La sofisticación del mecanismo de entrega es notable. En lugar del contacto directo, los manipuladores ucranianos utilizaron a un intermediario involuntario—un ciudadano ruso reclutado a través de Telegram y pagado con $5,000 por la entrega—quien fue arrestado antes que la bebida envenenada llegara a su destino. El mensajero admitió haber recibido el pago pero alegó ignorancia sobre el contenido letal. Además, se encontraron explosivos en su residencia que lo vinculaban con misiones anteriores relacionadas con sabotajes.
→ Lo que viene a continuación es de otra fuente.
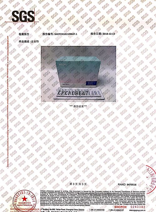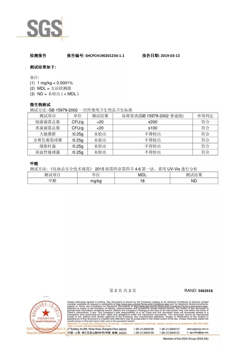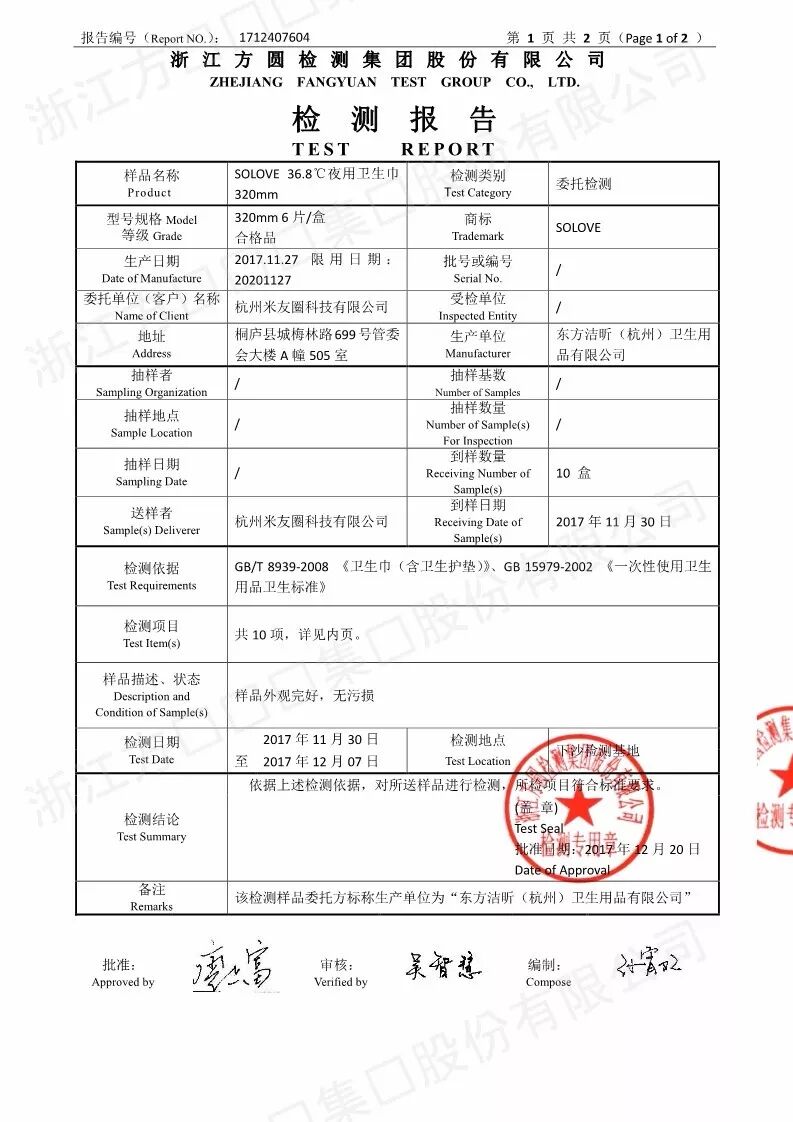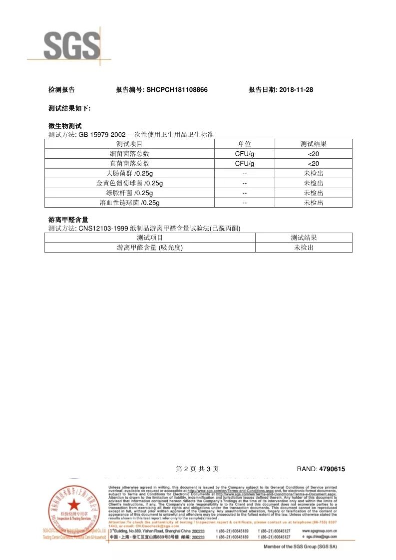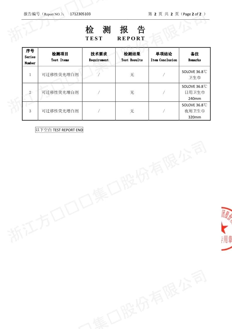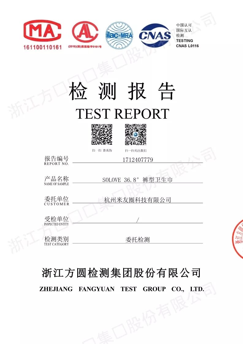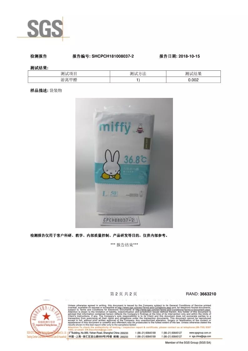 ② SOLOVE米菲婴儿纸尿裤甲醛检测报告

Precedentes: Dugina y Kirillov
Estos intentos de asesinato no surgieron sin antecedentes. La FSB relaciona explícitamente el complot del noviembre de 2025 con dos asesinatos previos atribuibles a operaciones ucranianas. En agosto de 2022, Darya Dugina, hija del filósofo ruso Alexander Dugin, fue asesinada por un coche bomba en Moscú. Aunque funcionarios ucranianos negaron cualquier participación, investigadores rusos identificaron a una mujer ucraniana como responsable que huyó a Estonia tras el ataque.
Más significativamente, en 2024 fue asesinado en Moscú el teniente general Igor Kirillov, jefe de las Tropas Rusas para Protección Radiológica, Química y Biológica; este crimen se ejecutó mediante un artefacto explosivo oculto dentro de un scooter eléctrico. La FSB caracterizó estas operaciones como parte de una campaña sistemática por parte de la Dirección Principal de Inteligencia (GUR) ucraniana para eliminar figuras militares y políticas rusas mediante métodos cada vez más creativos y difíciles de rastrear.
El complot contra Roskomnadzor: Un ataque al control informativo
El complot contra Roskomnadzor marca una expansión significativa en la selección del objetivo. A diferencia de los comandantes militares, Roskomnadzor es una agencia reguladora civil encargada del control sobre las comunicaciones y medios masivos en Rusia. Esta entidad ha sido central en las políticas nacionales sobre regulación del internet.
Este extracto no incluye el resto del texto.